▸ **Work request**:
From the first line to the last, copy the material word for word; pictures stay out.
-------- Information supplied --------
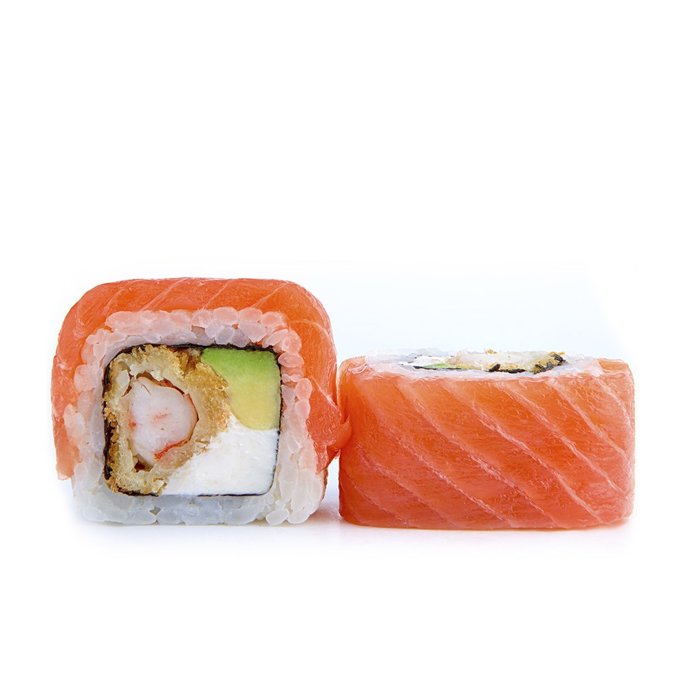 Рис, Норри, Сыр сливочный, Креветка темпура, Авокадо, Лосось с/с.
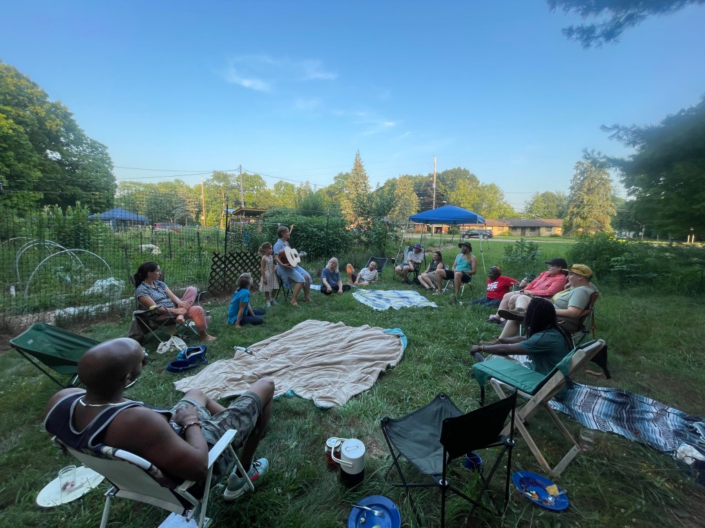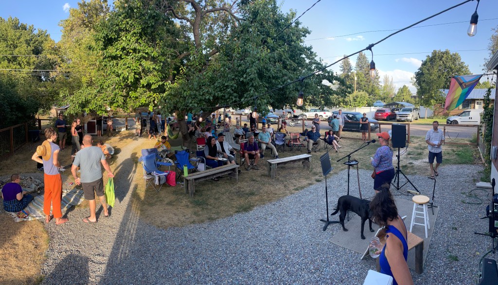 [Above: Backyard gathering at our place in Montana. One person is on the mic. Many gather to listen and also to connect with one another. Our dog is also on the stage.]
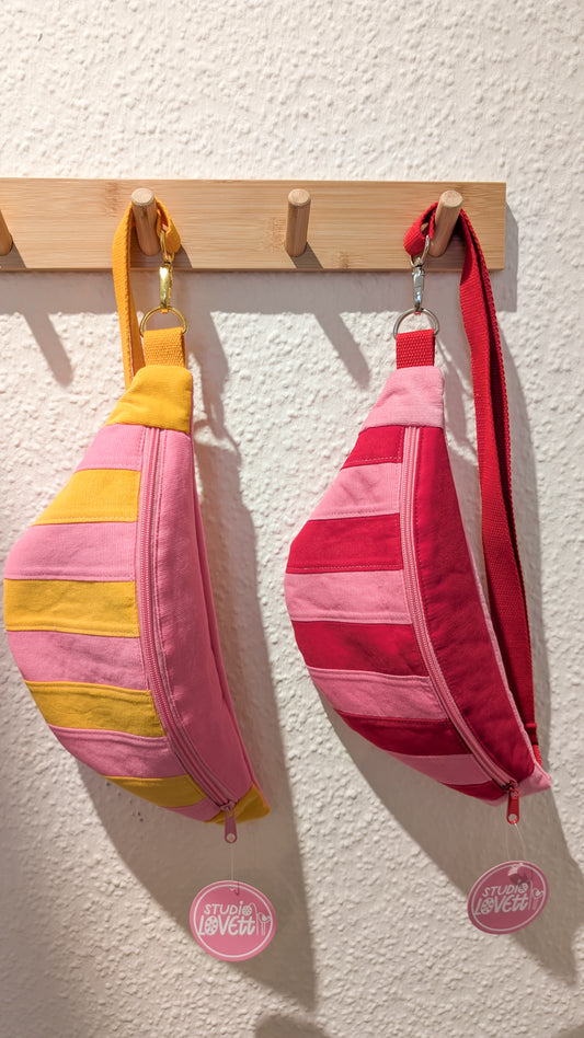 Cord Hipbag Bauchtasche Cross Body Bag Patchwork Streifen Pink/Gelb
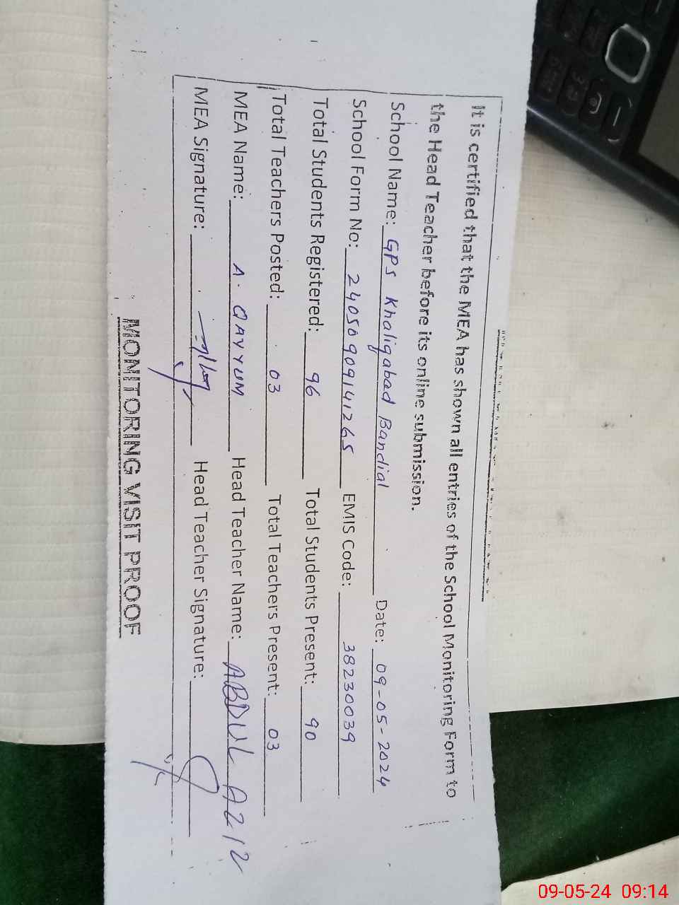 | EMIS Code: 38230039 | Name of School: GPS KHALIQ DAD BANDIAL | |||
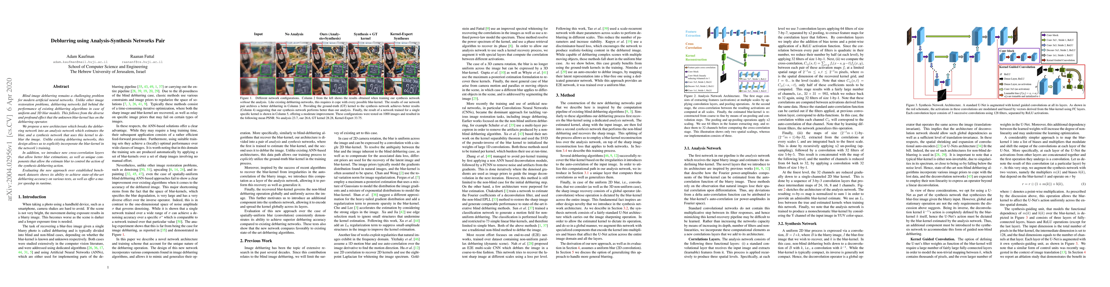 Blind image deblurring remains a challenging problem for modern artificial neural networks. Unlike other image restoration problems, deblurring networks fail behind the performance of existing deblurring algorithms in case of uniform and 3D blur models. This follows from the diverse and profound effect that the unknown blur-kernel has on the deblurring operator. We propose a new architecture which breaks the deblurring network into an analysis network which estimates the blur, and a synthesis network that uses this kernel to deblur the image. Unlike existing deblurring networks, this design allows us to explicitly incorporate the blur-kernel in the network's training. In addition, we introduce new cross-correlation layers that allow better blur estimations, as well as unique components that allow the estimate blur to control the action of the synthesis deblurring action. Evaluating the new approach over established benchmark datasets shows its ability to achieve state-of-the-art deblurring accuracy on various tests, as well as offer a major speedup in runtime.
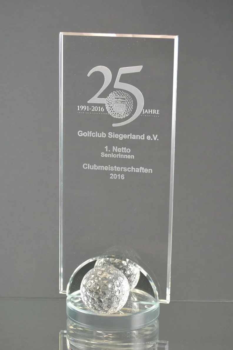 Ob klares Glas, satiniertes Design oder edle Gravuren – unsere Glasaufsteller verleihen Ihrer Golfsport-Leidenschaft einen modernen und raffinierten Touch. Ob im Clubhaus, im Büro oder auf dem Golfplatz, sie setzen Ihre Auszeichnungen oder Erinnerungen an besondere Momente perfekt in Szene und sorgen für einen stilvollen Blickfang. Alle Teile in bekannt bester Qualität und auf Wunsch mit Logo und Text graviert!
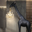 The Zarrafa Floor Lamp is an exceptional choice for those seeking to infuse their living spaces with a blend of whimsy and opulence. Expertly crafted in the form of a giraffe, this floor lamp not only serves as a functional lighting fixture but also doubles as a striking art piece. The lamp features a giraffe base, available in both small and large sizes, and offers color options in elegant white or bold black. The chandelier, held gracefully in the giraffe's mouth, is constructed from high-quality iron with a luxurious gold finish and adorned with crystals, enhancing its sophisticated appeal. This lamp is equipped with durable LED lighting, promising up to 50,000 hours of illumination. Its unique design and premium materials make the Zarrafa Floor Lamp a perfect statement piece for living rooms, foyers, or exhibition halls, effortlessly combining sleek modernity with lush, distinctive style. Whether lit or unlit, the lamp’s detailed craftsmanship and soft, warm light create an inviting and luxurious atmosphere in any setting.
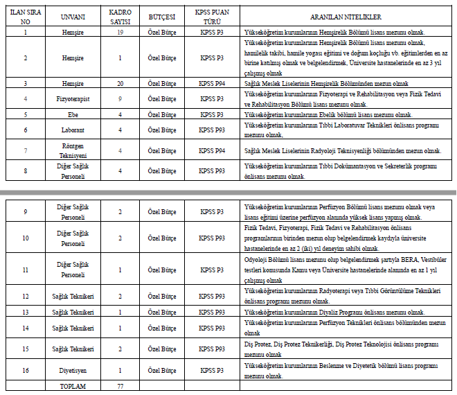 Afyonkarahisar Sağlık Bilimleri Üniversitesi Sağlık Uygulama ve Araştırma Merkezi'ne 657 dayılı Devlet Memurları Kanununun 4. maddesinin (B) fıkrasına göre istihdam edilmek üzere 06.06.1978 tarihli ve 7/15754 sayılı Kararnameye ekli 28.06.2007 tarihli ve 26566 sayılı Resmi Gazete'de yayımlanan Sözleşmeli Personel Çalıştırılmasına İlişkin Esaslarda Değişiklik Yapılmasına Dair Esaslar'da yer alan ek 2'nci maddenin (b) fıkrasına göre aşağıda belirtilen pozisyonlara giderleri özel bütçe ve döner sermaye gelirlerinden karşılanmak üzere sözleşmeli personel alınacaktır.
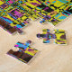 Este desafiante rompecabezas hace alarde de un tapiz abstracto en una variedad de tonos azules, rosados, morados, amarillos, verdes, negros y más!
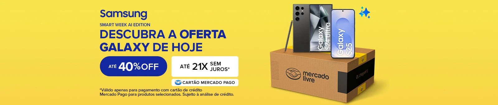Aproveite a Samsung Smart Week AI Edition no Mercado Livre e garanta até 40% de desconto em smartphones Galaxy selecionados. Além disso, é possível parcelar suas compras em até 21x sem juros no cartão Mercado Pago. Não perca essa chance de economizar com o cupom de desconto especial.
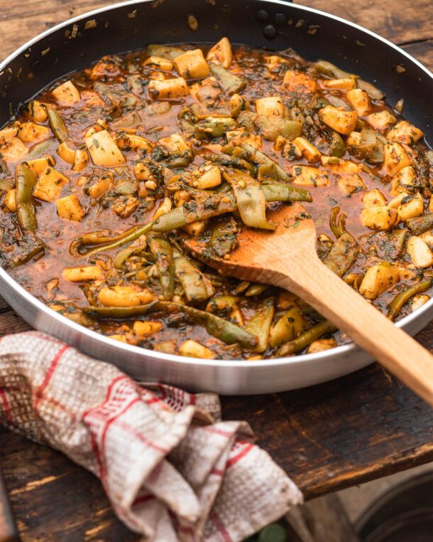 - Σε μπολάκι ανακατεύουμε τον πελτέ με λίγο ζωμό από το φαγητό, το κύμινο, το μπαχάρι, το κόκκινο και μαύρο πιπέρι και το ρίχνουμε στο φαγητό. Ανακατεύουμε απαλά και μαγειρεύουμε για άλλα 15 – 20 λεπτά, μέχρι να δέσει η σάλτσα και να αναμειχθούν οι γεύσεις και τα αρώματα.
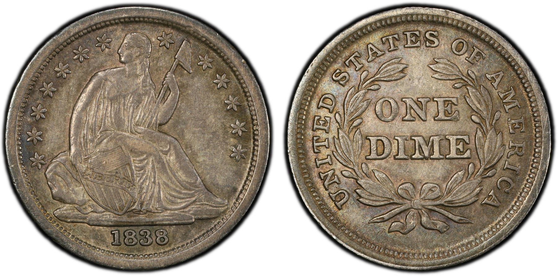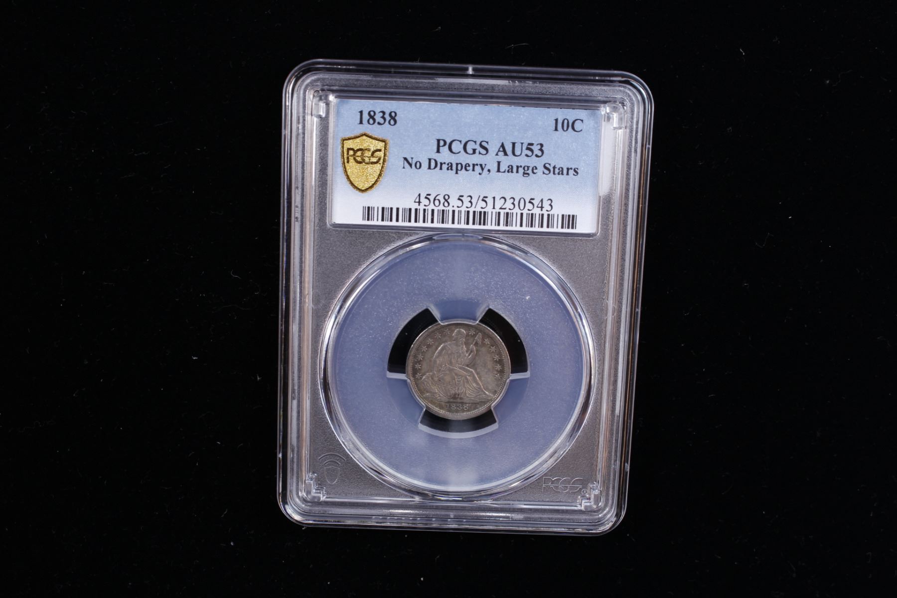UNITED STATES: AR 10 cents, 1838, KM-63.1, Liberty Seated type, without drapery, large stars variety, PCGS graded AU53. The 1913-S Type 2 Buffalo nickel is one of the key dates in the series. It is the third lowest mintage and as such is highly desirable in circulated grades. In fact, only the 1916 double die and 1918/7-D are worth more in circualted grades. Gem MS65 examples are only occasionally available.
--------
▸ **Answer to this task**:
 Рис, Норри, Сыр сливочный, Креветка темпура, Авокадо, Лосось с/с.
 [Above: Backyard gathering at our place in Montana. One person is on the mic. Many gather to listen and also to connect with one another. Our dog is also on the stage.]
 Cord Hipbag Bauchtasche Cross Body Bag Patchwork Streifen Pink/Gelb
 | EMIS Code: 38230039 | Name of School: GPS KHALIQ DAD BANDIAL | |||
 Blind image deblurring remains a challenging problem for modern artificial neural networks. Unlike other image restoration problems, deblurring networks fail behind the performance of existing deblurring algorithms in case of uniform and 3D blur models. This follows from the diverse and profound effect that the unknown blur-kernel has on the deblurring operator. We propose a new architecture which breaks the deblurring network into an analysis network which estimates the blur, and a synthesis network that uses this kernel to deblur the image. Unlike existing deblurring networks, this design allows us to explicitly incorporate the blur-kernel in the network's training. In addition, we introduce new cross-correlation layers that allow better blur estimations, as well as unique components that allow the estimate blur to control the action of the synthesis deblurring action. Evaluating the new approach over established benchmark datasets shows its ability to achieve state-of-the-art deblurring accuracy on various tests, as well as offer a major speedup in runtime.
 Ob klares Glas, satiniertes Design oder edle Gravuren – unsere Glasaufsteller verleihen Ihrer Golfsport-Leidenschaft einen modernen und raffinierten Touch. Ob im Clubhaus, im Büro oder auf dem Golfplatz, sie setzen Ihre Auszeichnungen oder Erinnerungen an besondere Momente perfekt in Szene und sorgen für einen stilvollen Blickfang. Alle Teile in bekannt bester Qualität und auf Wunsch mit Logo und Text graviert!
 The Zarrafa Floor Lamp is an exceptional choice for those seeking to infuse their living spaces with a blend of whimsy and opulence. Expertly crafted in the form of a giraffe, this floor lamp not only serves as a functional lighting fixture but also doubles as a striking art piece. The lamp features a giraffe base, available in both small and large sizes, and offers color options in elegant white or bold black. The chandelier, held gracefully in the giraffe's mouth, is constructed from high-quality iron with a luxurious gold finish and adorned with crystals, enhancing its sophisticated appeal. This lamp is equipped with durable LED lighting, promising up to 50,000 hours of illumination. Its unique design and premium materials make the Zarrafa Floor Lamp a perfect statement piece for living rooms, foyers, or exhibition halls, effortlessly combining sleek modernity with lush, distinctive style. Whether lit or unlit, the lamp’s detailed craftsmanship and soft, warm light create an inviting and luxurious atmosphere in any setting.
 Afyonkarahisar Sağlık Bilimleri Üniversitesi Sağlık Uygulama ve Araştırma Merkezi'ne 657 dayılı Devlet Memurları Kanununun 4. maddesinin (B) fıkrasına göre istihdam edilmek üzere 06.06.1978 tarihli ve 7/15754 sayılı Kararnameye ekli 28.06.2007 tarihli ve 26566 sayılı Resmi Gazete'de yayımlanan Sözleşmeli Personel Çalıştırılmasına İlişkin Esaslarda Değişiklik Yapılmasına Dair Esaslar'da yer alan ek 2'nci maddenin (b) fıkrasına göre aşağıda belirtilen pozisyonlara giderleri özel bütçe ve döner sermaye gelirlerinden karşılanmak üzere sözleşmeli personel alınacaktır.
 Este desafiante rompecabezas hace alarde de un tapiz abstracto en una variedad de tonos azules, rosados, morados, amarillos, verdes, negros y más!
Aproveite a Samsung Smart Week AI Edition no Mercado Livre e garanta até 40% de desconto em smartphones Galaxy selecionados. Além disso, é possível parcelar suas compras em até 21x sem juros no cartão Mercado Pago. Não perca essa chance de economizar com o cupom de desconto especial.
 - Σε μπολάκι ανακατεύουμε τον πελτέ με λίγο ζωμό από το φαγητό, το κύμινο, το μπαχάρι, το κόκκινο και μαύρο πιπέρι και το ρίχνουμε στο φαγητό. Ανακατεύουμε απαλά και μαγειρεύουμε για άλλα 15 – 20 λεπτά, μέχρι να δέσει η σάλτσα και να αναμειχθούν οι γεύσεις και τα αρώματα.
UNITED STATES: AR 10 cents, 1838, KM-63.1, Liberty Seated type, without drapery, large stars variety, PCGS graded AU53. The 1913-S Type 2 Buffalo nickel is one of the key dates in the series. It is the third lowest mintage and as such is highly desirable in circulated grades. In fact, only the 1916 double die and 1918/7-D are worth more in circualted grades. Gem MS65 examples are only occasionally available.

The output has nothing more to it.